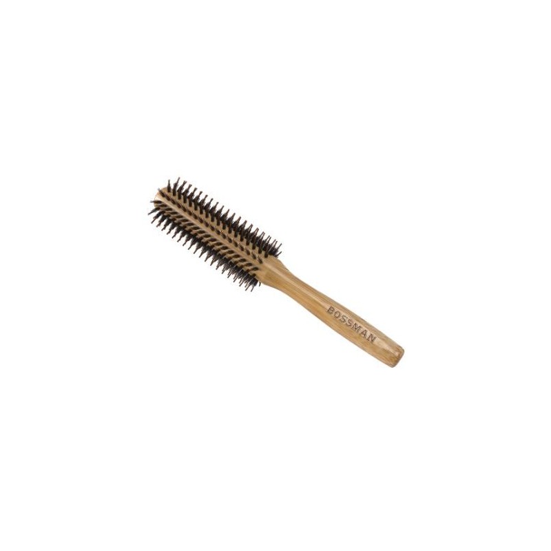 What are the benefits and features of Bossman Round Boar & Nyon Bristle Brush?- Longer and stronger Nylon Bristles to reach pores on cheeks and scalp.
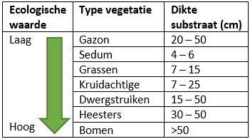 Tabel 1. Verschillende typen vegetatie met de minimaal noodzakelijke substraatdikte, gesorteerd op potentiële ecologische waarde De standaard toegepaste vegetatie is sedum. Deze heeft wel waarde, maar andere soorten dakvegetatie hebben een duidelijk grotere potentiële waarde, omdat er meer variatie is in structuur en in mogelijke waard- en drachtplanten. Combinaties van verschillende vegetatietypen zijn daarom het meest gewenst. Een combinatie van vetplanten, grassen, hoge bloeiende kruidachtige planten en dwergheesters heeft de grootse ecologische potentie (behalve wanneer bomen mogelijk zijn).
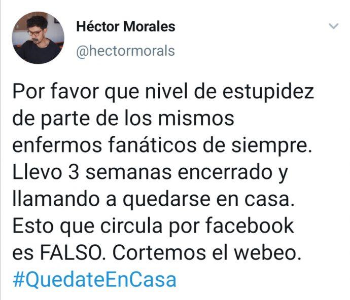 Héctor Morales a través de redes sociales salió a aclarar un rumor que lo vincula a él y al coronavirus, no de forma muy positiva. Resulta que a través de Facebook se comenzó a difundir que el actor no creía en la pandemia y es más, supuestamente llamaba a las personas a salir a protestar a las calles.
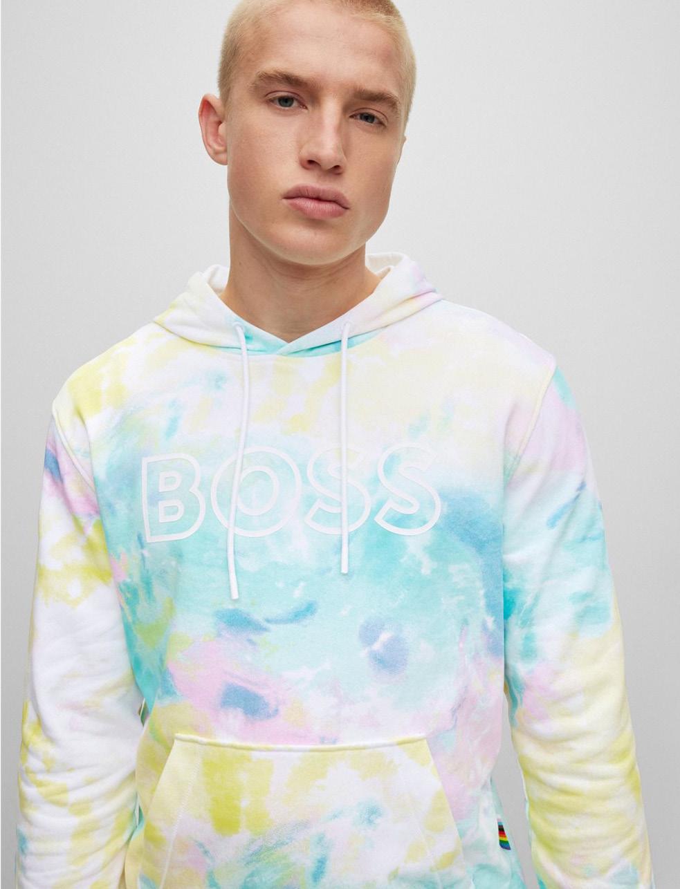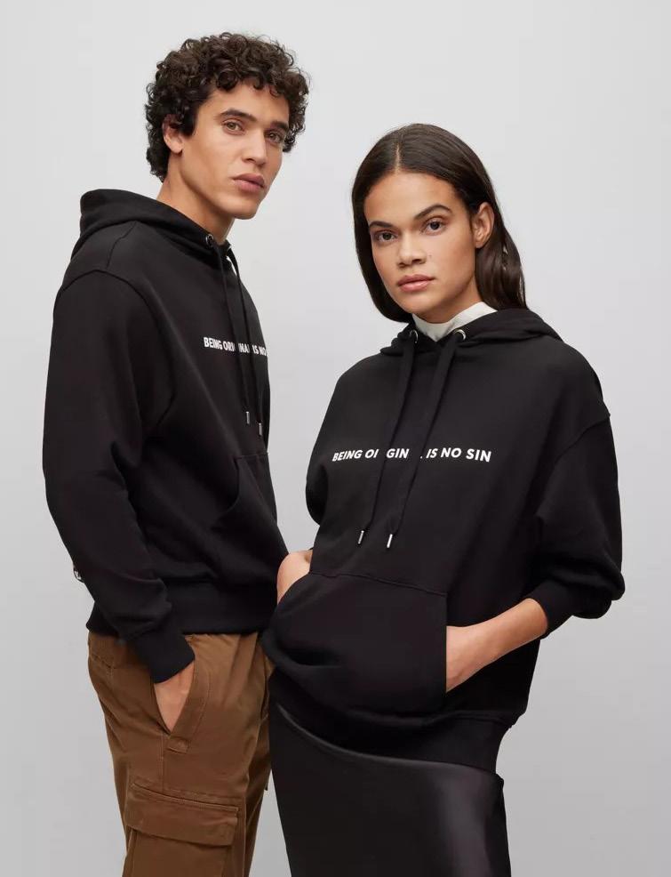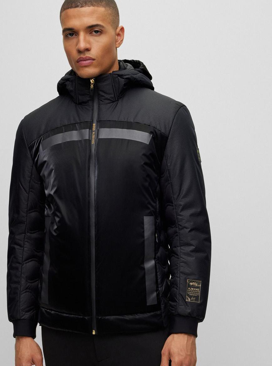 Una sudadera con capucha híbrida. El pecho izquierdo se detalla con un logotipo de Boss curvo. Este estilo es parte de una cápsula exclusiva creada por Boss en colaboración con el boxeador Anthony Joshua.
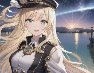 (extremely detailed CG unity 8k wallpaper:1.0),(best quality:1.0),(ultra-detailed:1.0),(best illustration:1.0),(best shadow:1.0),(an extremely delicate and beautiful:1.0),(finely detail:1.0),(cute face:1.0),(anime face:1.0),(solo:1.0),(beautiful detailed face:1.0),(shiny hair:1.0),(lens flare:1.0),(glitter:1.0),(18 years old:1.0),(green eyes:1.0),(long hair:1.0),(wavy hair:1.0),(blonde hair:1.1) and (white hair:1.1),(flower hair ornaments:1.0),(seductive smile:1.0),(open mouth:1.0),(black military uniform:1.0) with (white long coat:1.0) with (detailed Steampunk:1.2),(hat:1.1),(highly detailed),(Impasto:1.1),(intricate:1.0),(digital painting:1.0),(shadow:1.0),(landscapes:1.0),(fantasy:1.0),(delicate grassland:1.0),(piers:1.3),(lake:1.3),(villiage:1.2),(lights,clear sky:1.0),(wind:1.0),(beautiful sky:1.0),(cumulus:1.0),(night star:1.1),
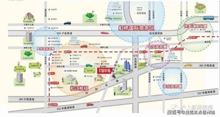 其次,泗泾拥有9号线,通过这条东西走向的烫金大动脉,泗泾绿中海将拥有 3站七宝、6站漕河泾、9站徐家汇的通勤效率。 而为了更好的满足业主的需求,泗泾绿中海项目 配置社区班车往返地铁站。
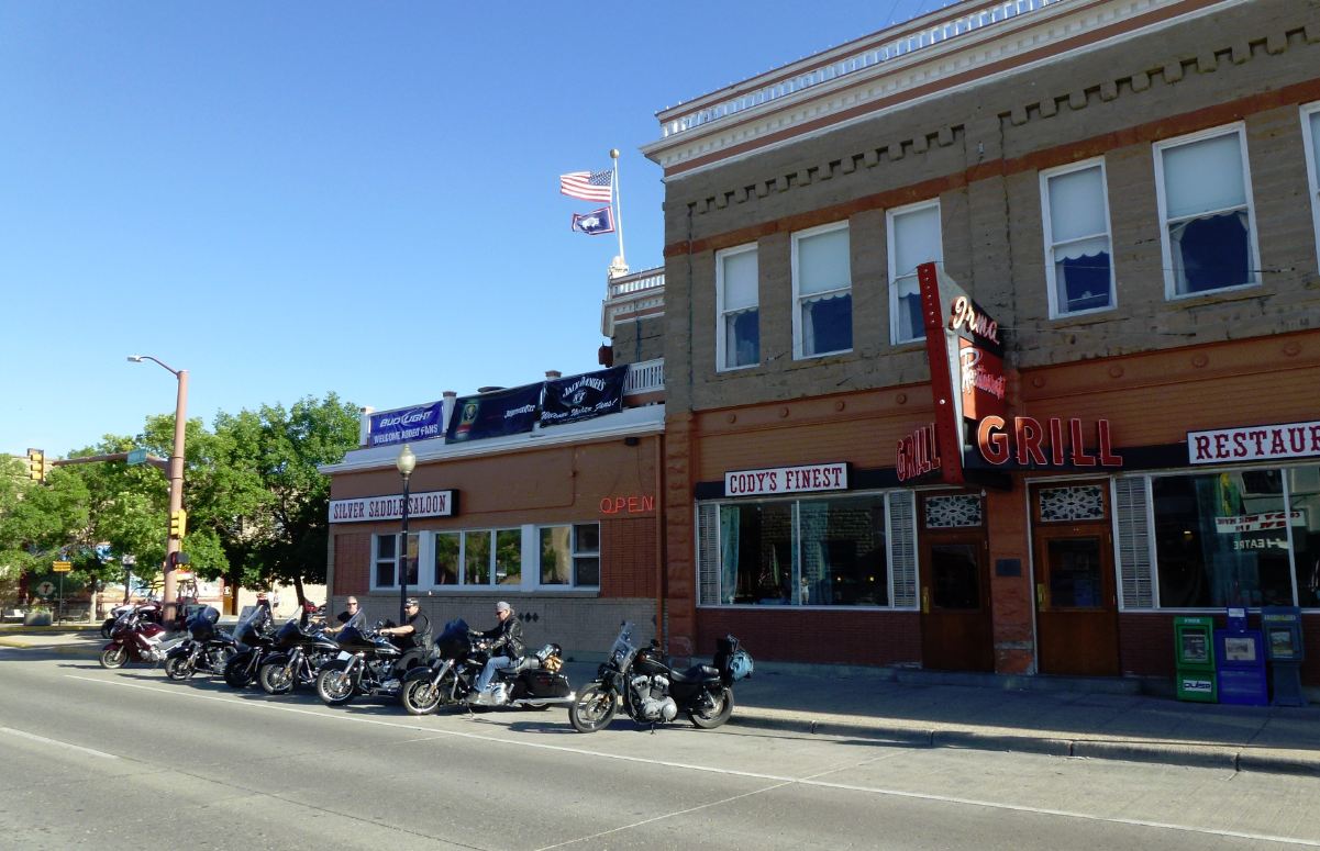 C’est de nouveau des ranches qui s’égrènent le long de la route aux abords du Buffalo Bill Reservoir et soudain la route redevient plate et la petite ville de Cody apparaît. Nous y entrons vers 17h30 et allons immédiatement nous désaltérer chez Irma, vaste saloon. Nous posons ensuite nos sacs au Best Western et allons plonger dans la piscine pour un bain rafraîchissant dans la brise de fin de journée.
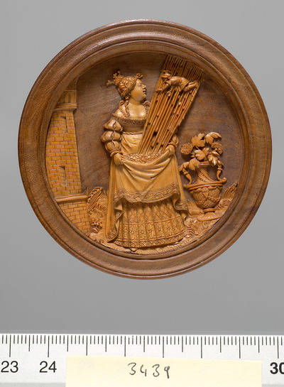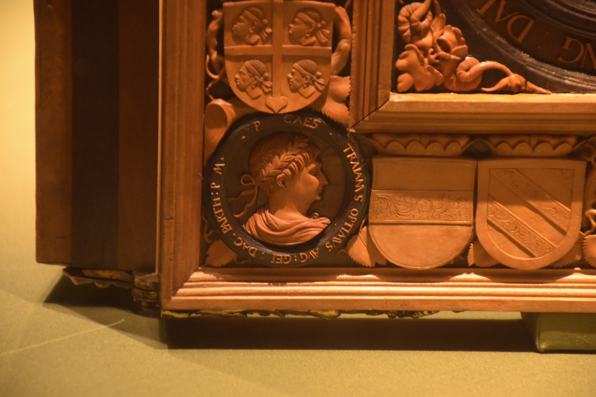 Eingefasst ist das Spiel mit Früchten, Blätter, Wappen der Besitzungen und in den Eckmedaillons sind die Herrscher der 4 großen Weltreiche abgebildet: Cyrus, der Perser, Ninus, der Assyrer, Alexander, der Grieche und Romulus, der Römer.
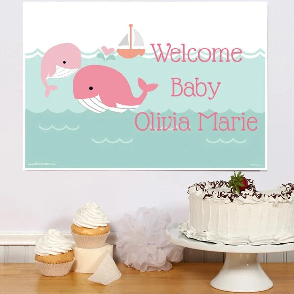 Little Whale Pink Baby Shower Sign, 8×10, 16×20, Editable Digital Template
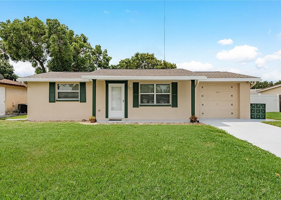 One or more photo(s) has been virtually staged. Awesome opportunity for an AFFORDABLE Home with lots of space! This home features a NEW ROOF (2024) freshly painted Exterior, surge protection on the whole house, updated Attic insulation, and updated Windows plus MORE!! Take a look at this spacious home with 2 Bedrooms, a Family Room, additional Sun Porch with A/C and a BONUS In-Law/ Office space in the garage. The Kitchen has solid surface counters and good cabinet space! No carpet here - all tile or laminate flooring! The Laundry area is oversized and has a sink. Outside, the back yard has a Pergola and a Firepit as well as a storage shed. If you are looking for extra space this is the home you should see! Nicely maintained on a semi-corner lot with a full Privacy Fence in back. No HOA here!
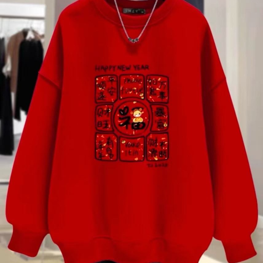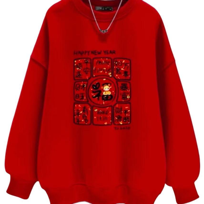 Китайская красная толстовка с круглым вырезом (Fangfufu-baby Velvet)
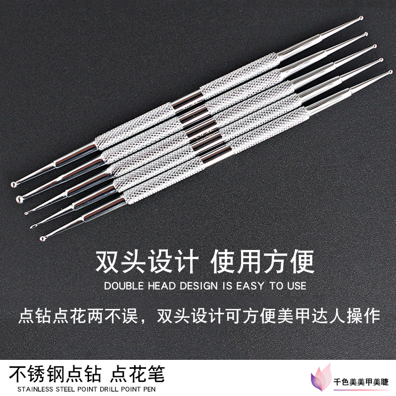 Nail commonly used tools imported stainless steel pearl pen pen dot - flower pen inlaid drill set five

◇ ◇ ◇

EXERCISE BRIEF: The copy should run from the first line of the material above through the line with "Una sudadera con", repeated exactly and without pictures.

EXERCISE SOLUTION:
 What are the benefits and features of Bossman Round Boar & Nyon Bristle Brush?- Longer and stronger Nylon Bristles to reach pores on cheeks and scalp.
 Tabel 1. Verschillende typen vegetatie met de minimaal noodzakelijke substraatdikte, gesorteerd op potentiële ecologische waarde De standaard toegepaste vegetatie is sedum. Deze heeft wel waarde, maar andere soorten dakvegetatie hebben een duidelijk grotere potentiële waarde, omdat er meer variatie is in structuur en in mogelijke waard- en drachtplanten. Combinaties van verschillende vegetatietypen zijn daarom het meest gewenst. Een combinatie van vetplanten, grassen, hoge bloeiende kruidachtige planten en dwergheesters heeft de grootse ecologische potentie (behalve wanneer bomen mogelijk zijn).
 Héctor Morales a través de redes sociales salió a aclarar un rumor que lo vincula a él y al coronavirus, no de forma muy positiva. Resulta que a través de Facebook se comenzó a difundir que el actor no creía en la pandemia y es más, supuestamente llamaba a las personas a salir a protestar a las calles.
 Una sudadera con capucha híbrida. El pecho izquierdo se detalla con un logotipo de Boss curvo. Este estilo es parte de una cápsula exclusiva creada por Boss en colaboración con el boxeador Anthony Joshua.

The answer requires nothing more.